• **About this exercise**: What is needed is an exact copy of the lines in the listing below, from the one with "Sgo juga ingin" up to and including the one with "Шампунь Чистая линия, Шелк", with no other lines.

• **Records for the exercise**:
=====
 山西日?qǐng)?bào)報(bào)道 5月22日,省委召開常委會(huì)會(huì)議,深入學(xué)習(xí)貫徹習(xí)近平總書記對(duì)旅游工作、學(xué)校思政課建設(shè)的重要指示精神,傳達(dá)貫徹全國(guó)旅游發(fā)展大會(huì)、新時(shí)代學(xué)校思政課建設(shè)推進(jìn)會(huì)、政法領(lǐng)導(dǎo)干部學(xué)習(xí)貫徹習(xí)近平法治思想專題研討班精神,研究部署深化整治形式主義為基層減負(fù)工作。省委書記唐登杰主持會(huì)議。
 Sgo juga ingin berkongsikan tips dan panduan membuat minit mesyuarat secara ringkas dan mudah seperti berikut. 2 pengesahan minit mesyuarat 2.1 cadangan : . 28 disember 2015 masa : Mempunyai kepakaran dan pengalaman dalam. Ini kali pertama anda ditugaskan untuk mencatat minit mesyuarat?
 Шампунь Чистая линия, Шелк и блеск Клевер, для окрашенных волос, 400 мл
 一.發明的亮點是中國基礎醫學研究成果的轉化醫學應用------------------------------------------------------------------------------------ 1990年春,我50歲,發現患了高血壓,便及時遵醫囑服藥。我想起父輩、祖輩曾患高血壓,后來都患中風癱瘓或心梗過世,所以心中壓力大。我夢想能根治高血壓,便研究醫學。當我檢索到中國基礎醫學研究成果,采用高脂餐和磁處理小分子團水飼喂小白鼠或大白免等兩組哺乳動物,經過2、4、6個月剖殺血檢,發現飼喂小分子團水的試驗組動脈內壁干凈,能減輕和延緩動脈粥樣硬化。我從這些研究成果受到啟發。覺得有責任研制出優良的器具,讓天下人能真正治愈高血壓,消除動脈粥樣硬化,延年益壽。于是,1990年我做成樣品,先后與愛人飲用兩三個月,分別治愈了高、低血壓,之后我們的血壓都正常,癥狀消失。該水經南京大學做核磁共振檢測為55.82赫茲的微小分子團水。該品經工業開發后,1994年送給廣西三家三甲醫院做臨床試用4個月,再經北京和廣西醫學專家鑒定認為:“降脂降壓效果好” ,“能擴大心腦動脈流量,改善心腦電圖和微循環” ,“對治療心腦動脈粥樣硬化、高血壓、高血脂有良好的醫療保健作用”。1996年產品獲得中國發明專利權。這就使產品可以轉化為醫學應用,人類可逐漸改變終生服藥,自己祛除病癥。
=====
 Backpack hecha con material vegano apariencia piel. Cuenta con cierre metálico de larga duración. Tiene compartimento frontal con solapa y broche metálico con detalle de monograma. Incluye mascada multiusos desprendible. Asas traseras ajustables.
=====
• **Final answer**:
 Sgo juga ingin berkongsikan tips dan panduan membuat minit mesyuarat secara ringkas dan mudah seperti berikut. 2 pengesahan minit mesyuarat 2.1 cadangan : . 28 disember 2015 masa : Mempunyai kepakaran dan pengalaman dalam. Ini kali pertama anda ditugaskan untuk mencatat minit mesyuarat?
 Шампунь Чистая линия, Шелк и блеск Клевер, для окрашенных волос, 400 мл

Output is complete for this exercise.